Republican Walden told The Oregonian/OregonLive recently that if Congress is able to pass legislation only on the “fire borrowing” issue, “we have totally missed the point.”

“We’re still left with the fires,” he said. “We’re still left with the forests that are choked with overgrowth. This all wrong. It doesn’t have to be this way.”

Walden says it’s time for Congress to eliminate rules that prohibit cutting trees greater than 21 inches in diameter, known as the “Eastside screens.” Walden contends the restrictions have no scientific basis and undercut the economics of timber harvests and restoration projects. He also says the agency needs to promote larger and sustained harvests.

“This is about getting the work done in an environmentally sensitive way, which can be done,” he said. “We need the jobs. The material needs to come out. We do it at the state level, the county level, but you come to the federal level, and it doesn’t happen.”

Oregon Sen. Ted Ferrioli, whose district includes the John Day area, said he’s attended annual gatherings in the past when the state’s congressional leaders tour Eastern Oregon and promise fixes for the Forest Service failures.

“But at end of the day, Congress doesn’t act and the Forest Service doesn’t respond to the local community’s needs,” the Republican leader said.

Ferrioli said the agency is essentially a firefighting business these days, and its forest management work comes to a halt during busy fire seasons.
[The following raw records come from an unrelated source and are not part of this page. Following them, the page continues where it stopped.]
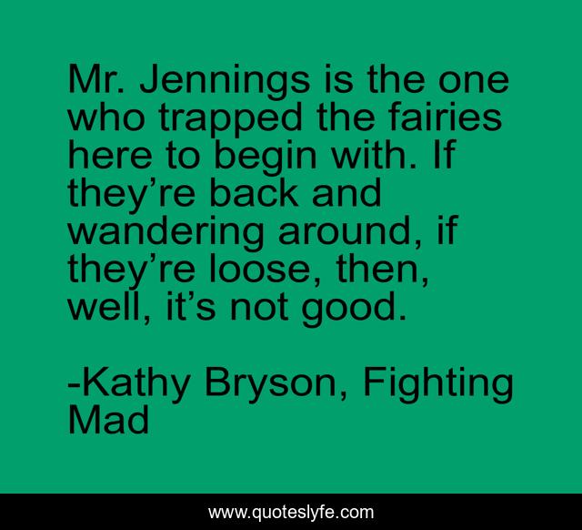 This page presents the quote "Mr. Jennings is the one who trapped the fairies here to begin with. If they’re back and wandering around, if they’re loose, then, well, it’s not good.". Author of this quote is Kathy Bryson, Fighting Mad. This quote is about leprechauns, humor, fairies, romance, fantasy, fighting-mad,.
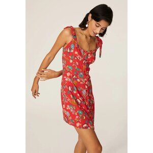 Andamane Donna Red Floral Print Tie Shoulder Mini Dress Women's Size Medium
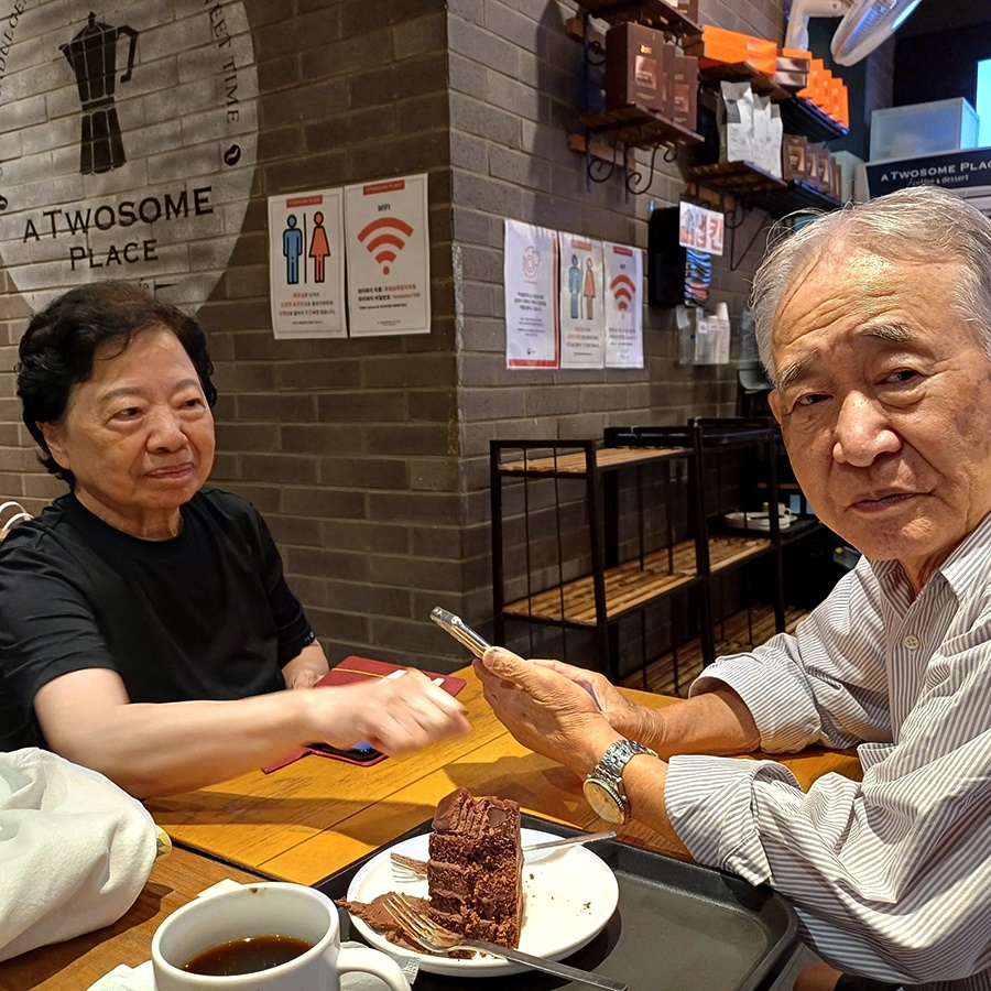 아이들을 다 보낸 후 함께 사는 딸이 대청소를 한다고 두 늙은이는 잠시 바깥

“The execution of forest management high-centers, and folks return after a disastrous fire season to work and they’re two to three months behind,” said Ferrioli, adding that conversation threads get lost, people are transferred and plans get reworked.

“If your wildlife biologists, your archaeologists and your systems analysts for logging and planners are all essentially put on temporary duty assignment for fire — and that happens more than one time back to back across a couple of summers — years are added to a planning process.”
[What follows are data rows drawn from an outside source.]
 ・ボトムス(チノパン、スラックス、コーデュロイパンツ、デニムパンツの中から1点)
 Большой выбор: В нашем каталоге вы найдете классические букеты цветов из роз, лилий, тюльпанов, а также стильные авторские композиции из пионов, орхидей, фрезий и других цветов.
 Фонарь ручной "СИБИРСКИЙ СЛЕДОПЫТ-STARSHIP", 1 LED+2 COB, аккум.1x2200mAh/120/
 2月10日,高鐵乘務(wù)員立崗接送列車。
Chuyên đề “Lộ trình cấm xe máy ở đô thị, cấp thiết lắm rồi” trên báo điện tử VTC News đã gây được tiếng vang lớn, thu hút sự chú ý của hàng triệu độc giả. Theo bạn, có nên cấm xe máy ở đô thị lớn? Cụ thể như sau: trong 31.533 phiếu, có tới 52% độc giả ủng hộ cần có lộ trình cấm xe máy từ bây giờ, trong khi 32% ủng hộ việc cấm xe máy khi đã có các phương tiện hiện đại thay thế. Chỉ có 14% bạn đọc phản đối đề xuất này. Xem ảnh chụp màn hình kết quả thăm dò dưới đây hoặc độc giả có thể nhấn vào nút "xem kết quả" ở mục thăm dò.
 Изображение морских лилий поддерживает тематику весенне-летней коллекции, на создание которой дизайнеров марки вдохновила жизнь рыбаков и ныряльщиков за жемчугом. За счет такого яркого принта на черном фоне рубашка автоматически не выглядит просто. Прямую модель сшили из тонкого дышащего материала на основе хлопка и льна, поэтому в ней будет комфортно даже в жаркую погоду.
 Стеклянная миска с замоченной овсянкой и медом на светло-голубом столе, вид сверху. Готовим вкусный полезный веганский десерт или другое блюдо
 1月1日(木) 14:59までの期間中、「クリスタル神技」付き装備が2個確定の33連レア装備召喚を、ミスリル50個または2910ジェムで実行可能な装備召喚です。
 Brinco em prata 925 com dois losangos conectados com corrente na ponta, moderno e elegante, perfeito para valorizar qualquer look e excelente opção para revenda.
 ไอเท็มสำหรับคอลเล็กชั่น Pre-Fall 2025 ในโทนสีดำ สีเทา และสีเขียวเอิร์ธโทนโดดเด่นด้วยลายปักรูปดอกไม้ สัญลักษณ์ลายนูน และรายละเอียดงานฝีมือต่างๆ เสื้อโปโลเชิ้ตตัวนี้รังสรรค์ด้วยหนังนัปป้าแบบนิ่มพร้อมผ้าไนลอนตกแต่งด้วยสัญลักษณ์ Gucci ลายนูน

Work needed at the state level

Ferrioli said he hasn’t found much help in Salem. He said state lawmakers representing more urban areas don’t understand how the Forest Service’s “mismanagement” leads to huge losses of valuable natural resources and ultimately results in more environmental harm through thick summer wildfire smoke.

“I can’t get them to take this seriously,” Ferrioli said, “because it’s not happening in their yard.”

Ron Lundbom, mayor of John Day, said he and others in the community around last year’s devastating Canyon Creek fire are frustrated by lawsuits by environmental groups in the past that had limited logging.

He said he’s heard arguments about how forests are harmed when loggers go in using bulldozers or other heavy machinery. But a wildfire like last year’s “nukes the ground so that nothing grows here for 10 years.”

“They have pushed us not to log or clean our forests up as we have in the past,” Lundbom said. “I can’t believe they’re not up in arms over last year’s fire.”

No lawsuits have been filed over planned restoration projects in the Malheur for many years. That run is largely credited to work by “collaborative groups” – made up of community members, loggers, Forest Service officials and conservationists – that review projects, tour the targeted areas and ultimately, create trust among the participants.

Still, there is persistent opposition to many of the specific measures proposed to speed up environmental reviews, limit litigation, and expedite the treatments in forests. Some groups worry restoration work is a Trojan horse for much larger harvests of larger trees, and that the work compacts forest soils, destroys watersheds and threatens fish and wildlife.

If the Forest Service significantly increases the pace and scale of those projects, legal appeals and objections could increase again.

Schrader, a Democratic congressman who supports Wyden’s budget plan, said such litigation has made the agency “afraid of its own shadow.”

“A lot of folks in our urban environments, in all due respect, are living back in the 1970s and 1980s in terms of timber policy,” Schrader said. “We’re bankrupting rural Oregon. These communities are not coming back from the recession and won’t until we allow thoughtful forest management and let them earn a living out there in the woods and protect our most valued natural resources.”